Thursday, December 22, 2011

Comfort Ye, Comfort Ye My People

Quoting from Dr. Martin Luther's treatise The Blessed Sacrament of the Holy and True Body of Christ, and the Brotherhoods, written in 1519.  God becomes incarnate that we might break His body on a cross, and that same body then be given back to us in the Sacrament of the Altar, healing our bodies and uniting us in perfect love: 
Whoever is in despair, distressed by a sin-stricken conscience or terrified by death or carrying some other burden upon his heart, if he would be rid of them all, let him go joyfully to the sacrament of the altar and lay down his woe in the midst of the community [of saints] and seek help from the entire company of the spiritual body—just as a citizen whose property has suffered damage or misfortune at the hands of his enemies makes complaint to his town council and fellow citizens and asks them for help. The immeasurable grace and mercy of God are given us in this sacrament to the end that we might put from us all misery and tribulation [anfechtung] and lay it upon the community [of saints], and especially on Christ. Then we may with joy find strength and comfort, and say, “Though I am a sinner and have fallen, though this or that misfortune has befallen me, nevertheless I will go to the sacrament to receive a sign from God that I have on my side Christ’s righteousness, life, and sufferings, with all holy angels and the blessed in heaven and all pious men on earth.
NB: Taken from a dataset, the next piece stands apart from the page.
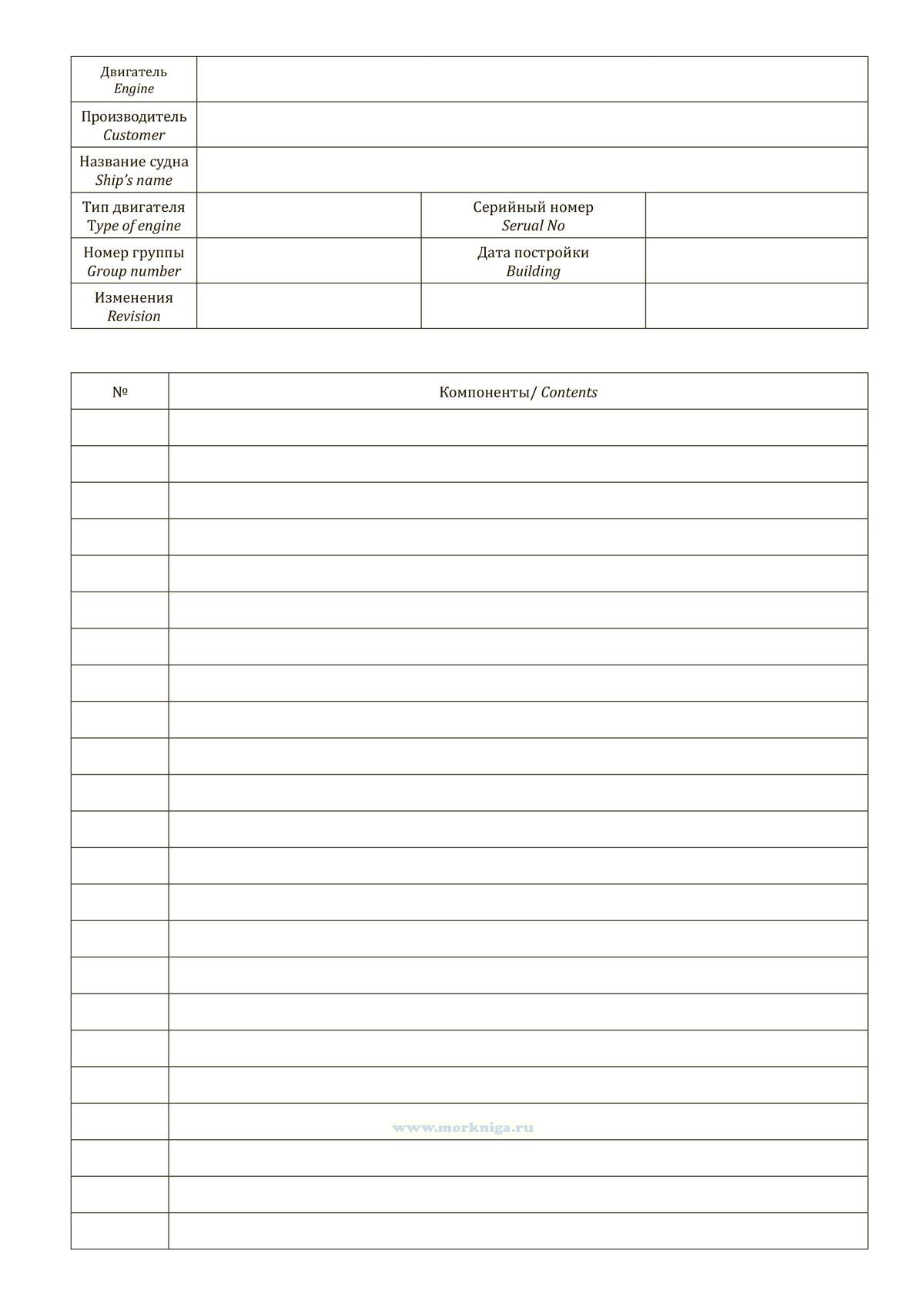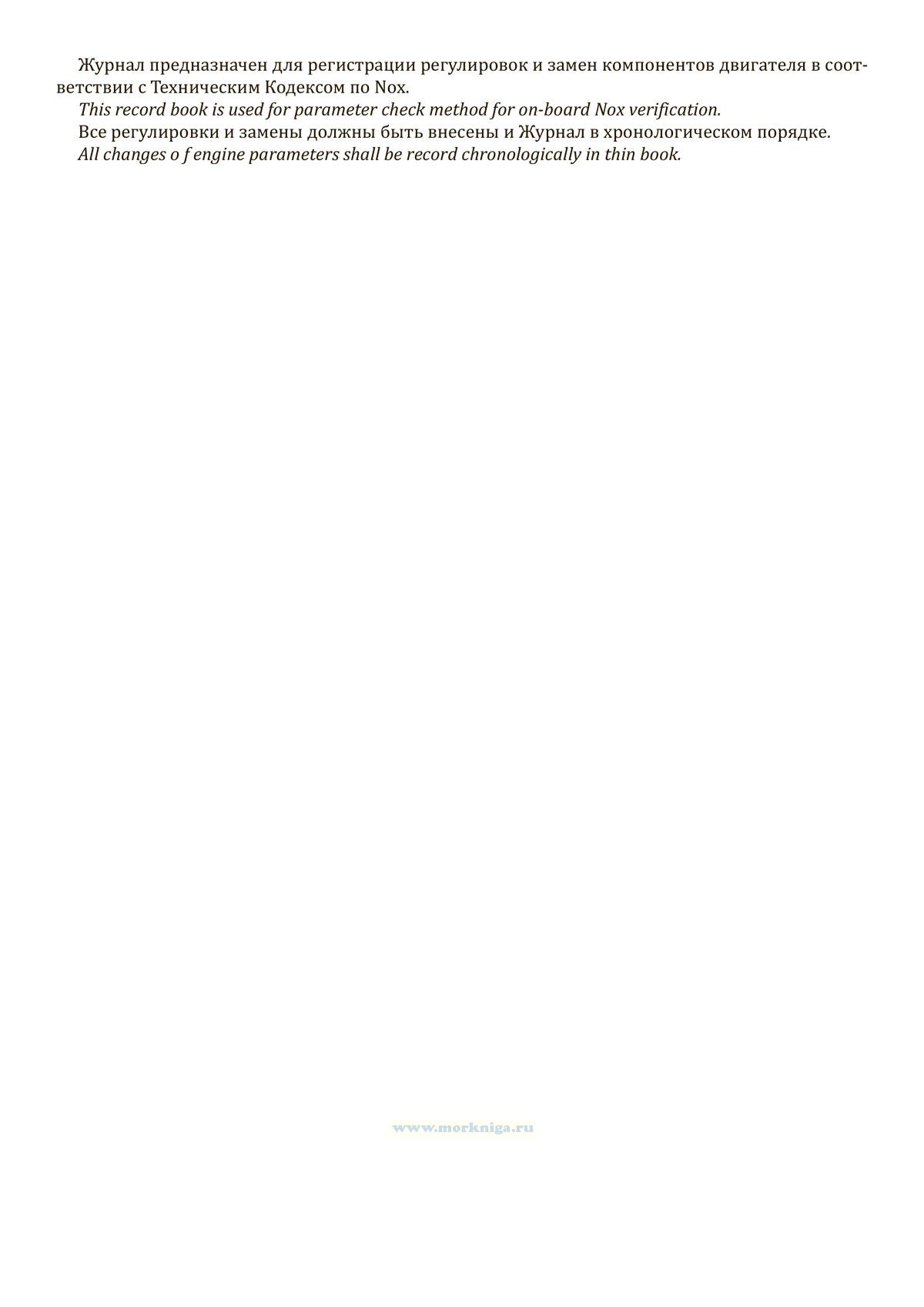 Журнал на русском и английском языках. Журнал предназначен для регистрации регулировок и замен компонентов двигателя в соответствии с Техническим Кодексом по Nох. Все регулировки и замены должны быть внесены и Журнал в хронологическом порядке. This record book is used for parameter check method for on-board Nox verification. Аll changes о f engine parameters shall be record chronologically in thin book. Журнал регистрации конструктивных изменений имеет графы: Record Book of Engine Parameters consists of columns: Двигатель/Engine Производитель/Customer Название судна/Ship’s name Тип двигателя/Type of engine Серийный номер/Serial No. Номер группы/Group number Дата постройки/Building Изменения/Revision 1. № 2. Компоненты/Contents

If I die, I am not alone in death; if I suffer, they suffer with me. [I know that] all my misfortune is shared with Christ and the saints, because I have a sure sign of their love toward me.” See, this is the benefit to be derived from this sacrament; this is the use we should make of it. Then the heart cannot but rejoice and be strengthened.
 
Martin Luther, Luther's Works, Vol. 35 : Word and Sacrament I, ed. Jaroslav Jan Pelikan, Hilton C. Oswald and Helmut T. Lehmann, Luther's Works (Philadelphia: Fortress Press, 1999, c1960). 35:III-54.